Anonymous at Tue, 4 Jun 2024 14:55:36 UTC No. 16209842

>>16209578
NTA but I agree and disagree somewhat.

When you say
> no my point is you need a lot of maturing to actually get an idea what and why laplace/fourirer does without it just being handwaving
You are definitely correct, but I also don't think it's necessarily required to teach the subject at its most serious level of depth to everyone all at once.

Think about how you learned linear algebra. If you went to a somewhat normal university, your first exposure to linear algebra was probably in either a calculus class, or a computation/application oriented linear algebra course fairly early on in your education. You likely learned the basics of matrix algebra and operations, as well as the beginnings of eigenvector/eigenvalue analysis, determinants and traces, vector spaces and projections.

This is not taught to a particularly rigorous or "complete" level of complexity, but it was good enough to teach you the linear algebra foundations you needed for other courses. Then, you may have taken an undergraduate level proof based linear algebra course, where the emphasis was instead looking at linear algebra as a transformation/mapping and the consequences of this view of the subject (product spaces, commutative rings, all of that jazz).

Then, if you go to graduate school, you may have taken a graduate level linear algebra which looks at things at an even higher level of abstraction. You may have learned about layers of transformations, dual spaces, homologies etc.

The point being, you never quite get a complete picture in any of these intermediary steps. Not only do you not get a complete picture, but it would be wildly inappropriate for your professors to introduce such nuances and rigor in your first exposures to the topic.

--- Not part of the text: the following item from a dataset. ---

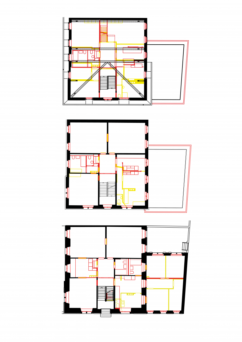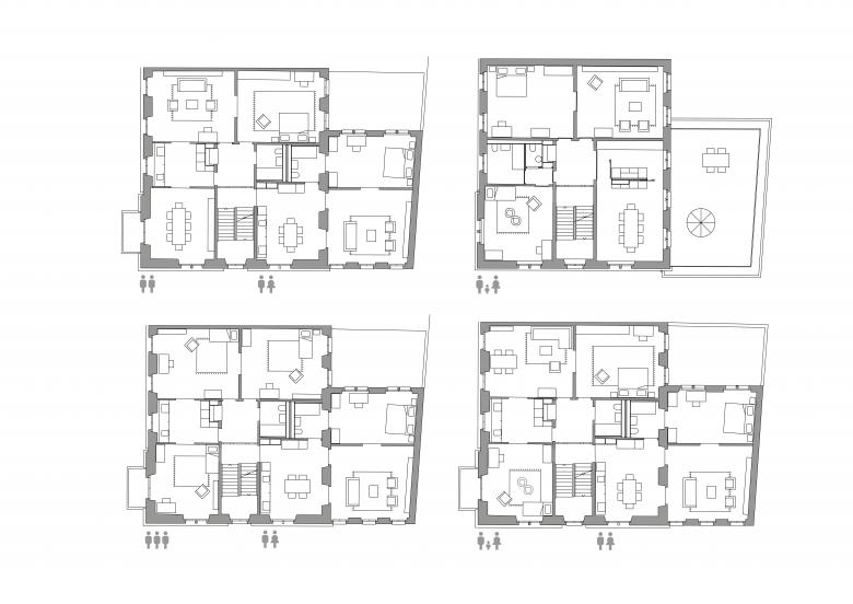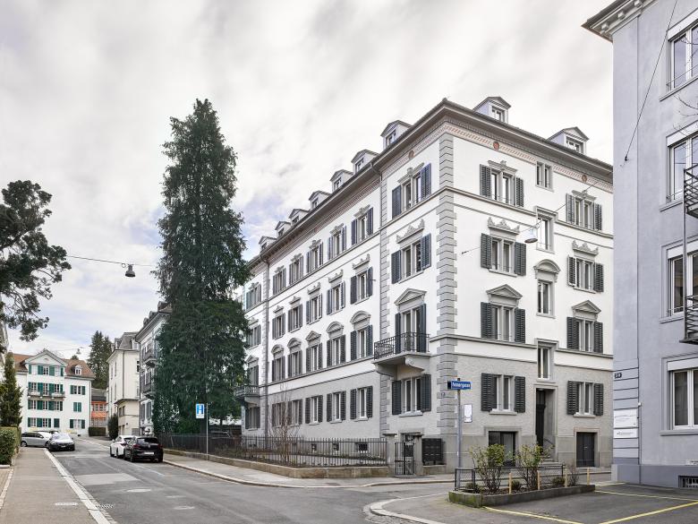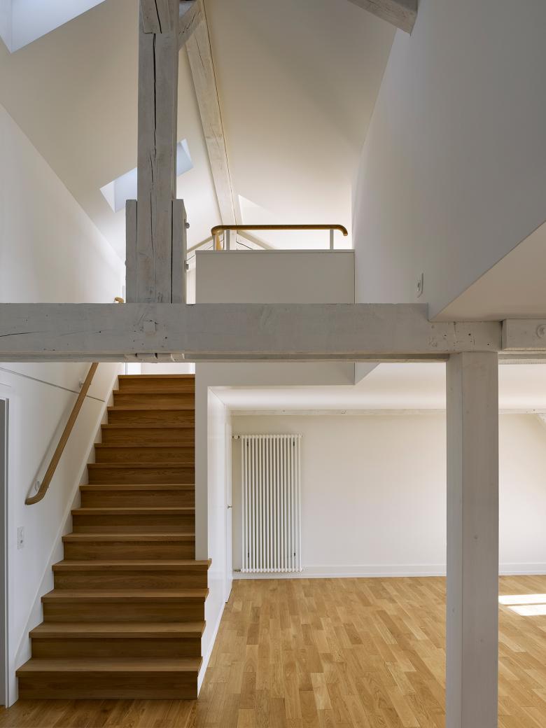 Die Konzeption des Umbaus spürt die kammerartige Raumstruktur des denkmalgeschützten Baumeisterhauses auf und übersetzt sie in präzise und klare Grundrisse mit qualitätsvollen Räumen. Grosszügige Verbindungen und Rundläufe schaffen allseitige Durchblicke und atmosphärische Lichtstimmungen. Die Flexibilität der nutzungsneutralen Räume ermöglicht vielfältige, unterschiedlichste Wohn- und Lebensformen und sichert langfristig die hohe Gebrauchstauglichkeit und Wohnqualität – das historische Gebäude eignet sich in hervorragender Weise für zeitgemässes Wohnen.
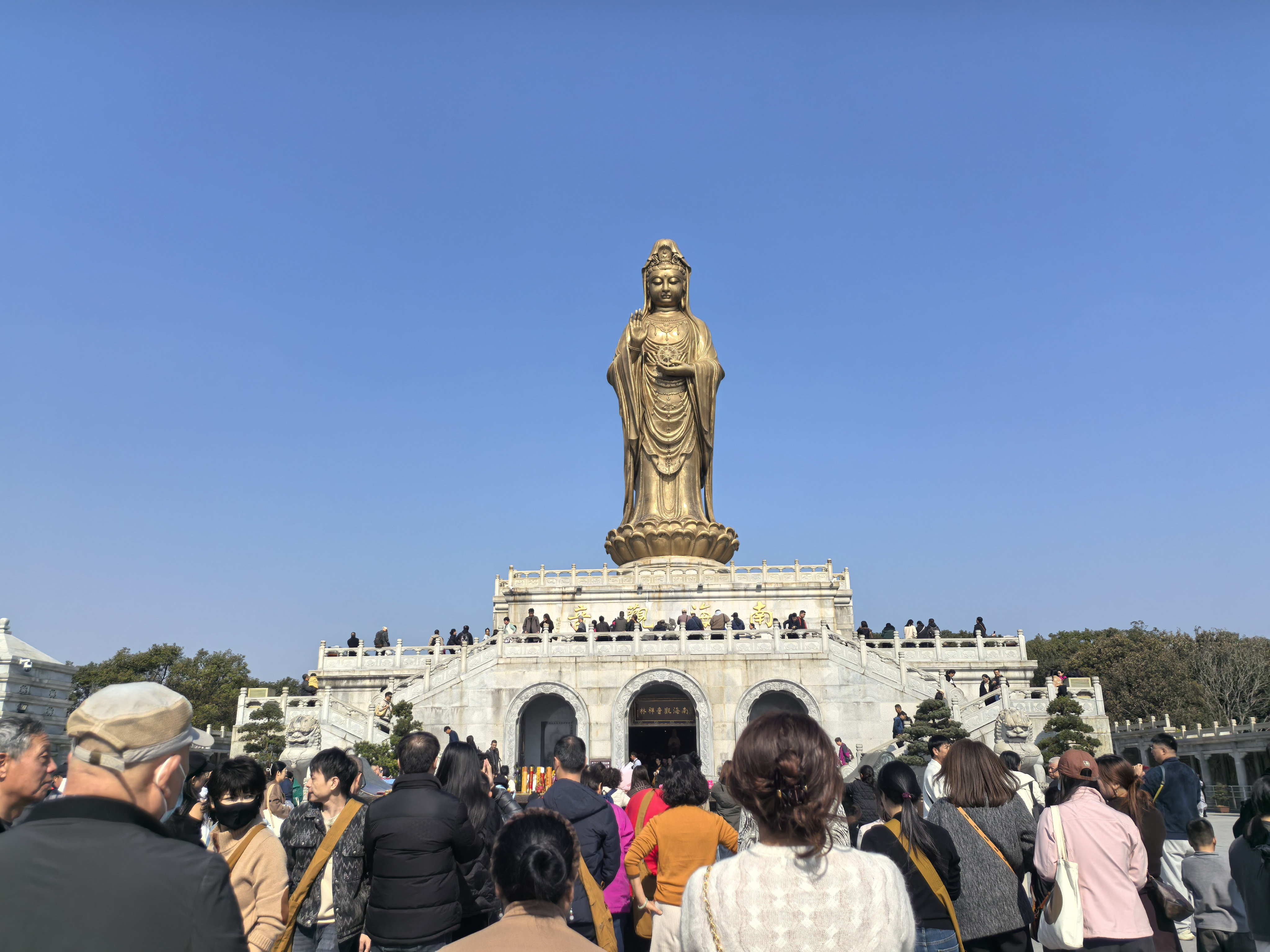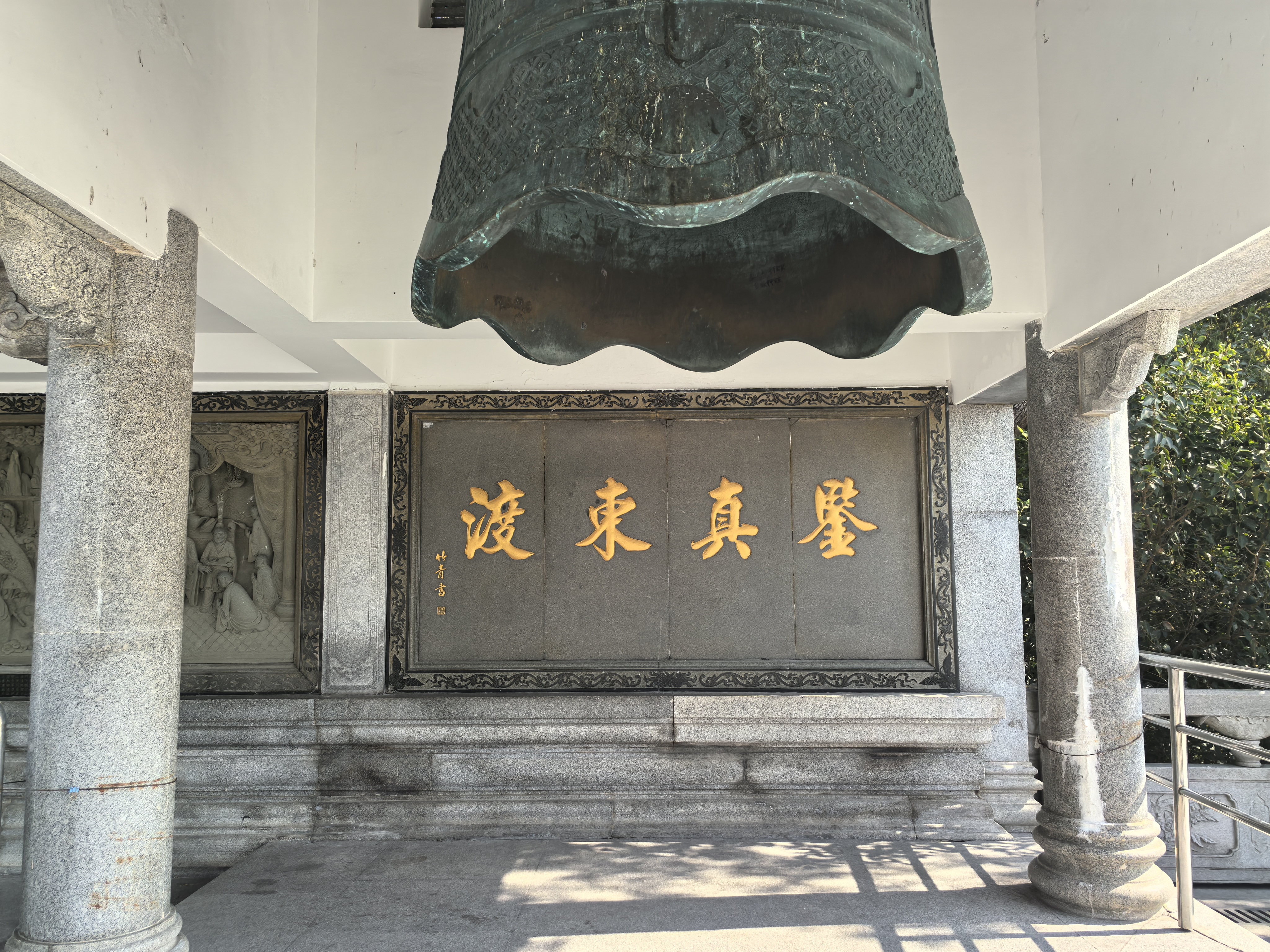 看到南海观音铜像了,南海观音高33米,面部使用了6公斤多黄金。我端详了半天,这南海观音的容貌确实本地化了,脸型很像华夏本地年轻女性,柔和中透着端庄。在边上又看到了鉴真东渡的大钟,自唐以来普陀山观音文化兴盛,普陀山实际成了韩国、日本,乃至东南亚的佛教文化交流中心。

The purpose of a signals and systems course is not to teach you Fourier analysis at a PhD level so you get the "most complete" level of analysis for the subject. The point is to give you a simple and intuitive understanding.

Anonymous at Tue, 4 Jun 2024 15:17:30 UTC No. 16209882

>>16209842
I agree but it feels like the bar for intuition or ground-level knowledge is a few steps up from linear algebra when it comes to fourier/laplace/complex analysis at least for me

Anonymous at Tue, 4 Jun 2024 16:09:59 UTC No. 16209935

>>16209882
I guess it depends on how you want to look at things.

In some sense a characteristic equation is a characteristic equation. Does it really matter whether those characteristic roots correspond to eigenvalues vs. modal exponents for constant coefficient ODE's?

In another sense, I don't think I really "got" the Laplace transform until I took a complex functions course and learned about Cauchy integration. I don't know if I would have "gotten" Cauchy integration if I wasn't already fairly comfortable with the Fourier and Laplace transforms from a "plug and chug" perspective. Hard to tell really.

Anonymous at Tue, 4 Jun 2024 16:21:18 UTC No. 16209957

>>16203852
People in this thread who explain it as a means of converting ODE into a linear equation are low IQ. Those who explain this as a way to represent a signal as a combination of exponentially growing and decaying oscillations are midwit.

Anonymous at Tue, 4 Jun 2024 16:23:17 UTC No. 16209963

>>16203852
It's a tool for solving differential equations.
What are you, an engineer?

Anonymous at Tue, 4 Jun 2024 16:36:43 UTC No. 16209983

>>16209957
Thank you for your valuable contribution.